Activity » For the listing below, the answer is an exact retyping of the lines from the one with "The float that" through the one with "Из названия этого", both included, without pictures.

Dataset entries »
#####
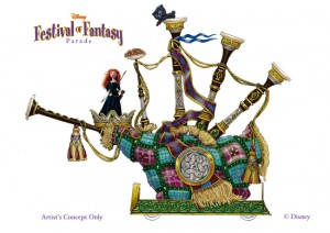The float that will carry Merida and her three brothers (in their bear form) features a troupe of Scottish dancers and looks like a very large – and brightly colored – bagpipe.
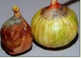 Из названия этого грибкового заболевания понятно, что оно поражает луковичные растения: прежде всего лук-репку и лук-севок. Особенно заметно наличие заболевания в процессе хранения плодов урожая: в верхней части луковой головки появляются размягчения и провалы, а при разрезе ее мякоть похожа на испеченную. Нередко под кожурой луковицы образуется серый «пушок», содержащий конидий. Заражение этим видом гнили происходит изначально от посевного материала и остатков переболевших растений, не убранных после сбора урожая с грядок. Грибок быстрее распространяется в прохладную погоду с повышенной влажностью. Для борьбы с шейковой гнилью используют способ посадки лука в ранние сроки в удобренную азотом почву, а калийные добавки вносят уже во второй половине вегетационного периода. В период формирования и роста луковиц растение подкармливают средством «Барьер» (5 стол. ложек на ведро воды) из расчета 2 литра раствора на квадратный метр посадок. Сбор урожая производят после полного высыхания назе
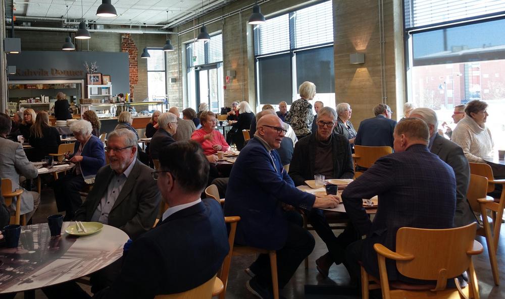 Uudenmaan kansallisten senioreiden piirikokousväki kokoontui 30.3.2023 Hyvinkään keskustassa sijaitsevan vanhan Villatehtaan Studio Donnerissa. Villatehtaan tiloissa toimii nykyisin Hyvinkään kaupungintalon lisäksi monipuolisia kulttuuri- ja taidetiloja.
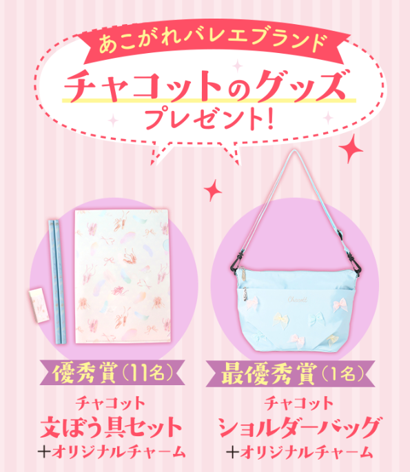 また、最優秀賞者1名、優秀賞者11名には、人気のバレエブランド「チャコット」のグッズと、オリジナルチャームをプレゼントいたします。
#####
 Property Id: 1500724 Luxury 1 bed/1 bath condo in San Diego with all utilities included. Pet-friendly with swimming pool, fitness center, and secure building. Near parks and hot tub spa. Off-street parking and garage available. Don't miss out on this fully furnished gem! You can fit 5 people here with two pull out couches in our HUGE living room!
#####
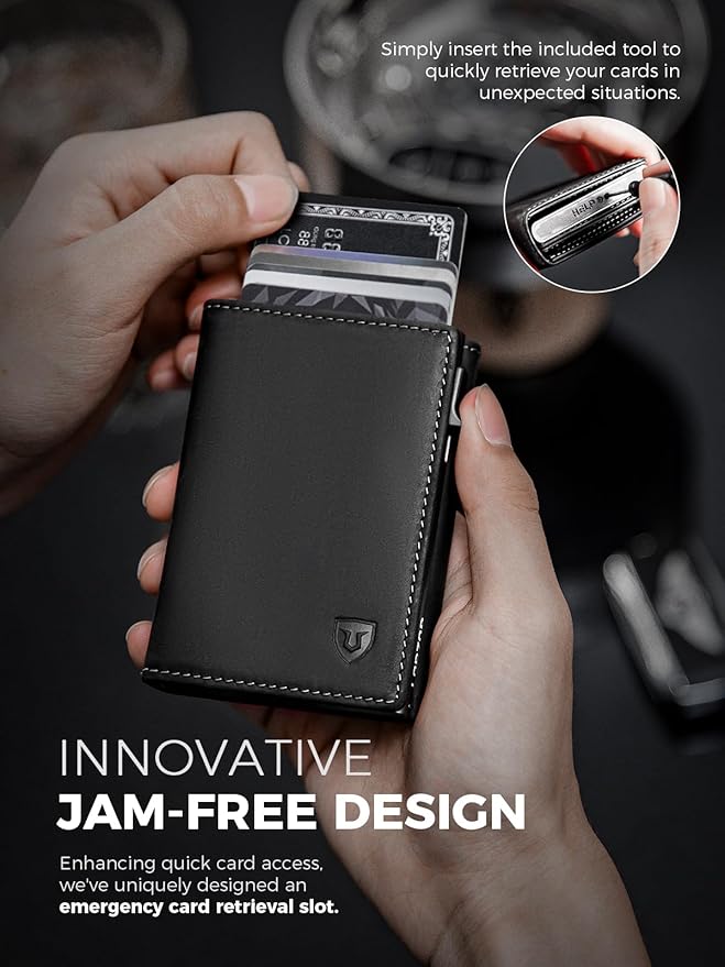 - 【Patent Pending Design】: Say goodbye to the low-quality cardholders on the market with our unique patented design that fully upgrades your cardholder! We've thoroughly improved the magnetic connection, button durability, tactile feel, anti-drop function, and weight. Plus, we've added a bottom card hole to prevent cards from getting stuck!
#####
Answer below »
The float that will carry Merida and her three brothers (in their bear form) features a troupe of Scottish dancers and looks like a very large – and brightly colored – bagpipe.
 Из названия этого грибкового заболевания понятно, что оно поражает луковичные растения: прежде всего лук-репку и лук-севок. Особенно заметно наличие заболевания в процессе хранения плодов урожая: в верхней части луковой головки появляются размягчения и провалы, а при разрезе ее мякоть похожа на испеченную. Нередко под кожурой луковицы образуется серый «пушок», содержащий конидий. Заражение этим видом гнили происходит изначально от посевного материала и остатков переболевших растений, не убранных после сбора урожая с грядок. Грибок быстрее распространяется в прохладную погоду с повышенной влажностью. Для борьбы с шейковой гнилью используют способ посадки лука в ранние сроки в удобренную азотом почву, а калийные добавки вносят уже во второй половине вегетационного периода. В период формирования и роста луковиц растение подкармливают средством «Барьер» (5 стол. ложек на ведро воды) из расчета 2 литра раствора на квадратный метр посадок. Сбор урожая производят после полного высыхания назе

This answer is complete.